Neural Substrates of Reward Processing

Over the past decade, a great deal of progress has been made toward understanding the neural substrates of reward detection and reward expectation and the adjustment of future decisions on the basis of reward history (for reviews, see Cohen, 2008; Schultz, 2007). Relevant findings have been reported at neuroanatomical, neurochemical, and electrophysiological levels. The functional contributions of the BG, amygdala, OFC, and ACC to decision-making, reward processing, and reinforcement learning are being increasingly understood (Cohen, 2008; Redgrave, Gurney, & Reynolds, 2008; Kennerley, Walton, Behrens, Buckley, & Rushworth, 2006; Ridderinkhof, Ullsperger, Crone, & Nieuwenhuis, 2004; Walton, Devlin, & Rushworth, 2004; Walton, Bannerman, & Rushworth, 2002; Schultz, 2000; Shima & Tanji, 1998).
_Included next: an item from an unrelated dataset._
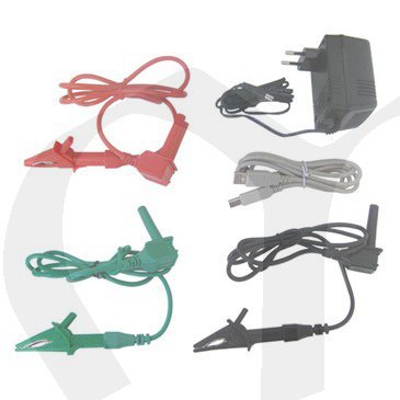 baterie, anglický a český manuál, plastový kufřík, USB kabel, CD s ovladači
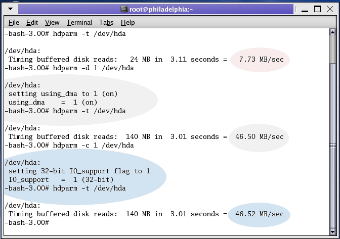 When I ran the command hdparm -t /dev/hda, my disk read 24MB in 3.11 seconds, which does not provide for the best disk access. So, I turned on using_dma using the hdparm -d 1 /dev/hda command and found that my disk access increased from 24MB in 3.11 seconds to 140MB in 3.01 seconds. You can see the results in the gray area of Figure 1.

Specifically, ACC is conceived of as a control structure or as a structure that integrates positive and negative aspects of an action to orient future behavior (cf., Rushworth & Behrens, 2008; Holroyd & Coles, 2002). At the neurochemical level, this network is targeted by the dopaminergic neurons of the midbrain. Dopamine (DA) neurons in the ventral tegmental area and substantia nigra have been shown to fire upon reward expectation as well as upon deception of a reward expectation (prediction error; for reviews, see Schultz, 2000, 2002, 2007; Holroyd & Coles, 2002). Dopaminergic signals from the midbrain are thought to be conveyed to ACC to inform prefrontal control structures of action outcomes that are worse or better than expected (Frank, Woroch, & Curran, 2005; Holroyd & Coles, 2002; but see also Walton, Croxson, Rushworth, & Bannerman, 2005). In line with this view, applying a DA D2 receptor agonist (pramipexole) that reduces phasic DA bursts via autoreceptors impaired reinforcement learning from positive outcomes at the behavioral level (Pizzagalli et al., 2008) and affected also outcome-related activations in dorsal and medial ACC (Santesso et al., 2009).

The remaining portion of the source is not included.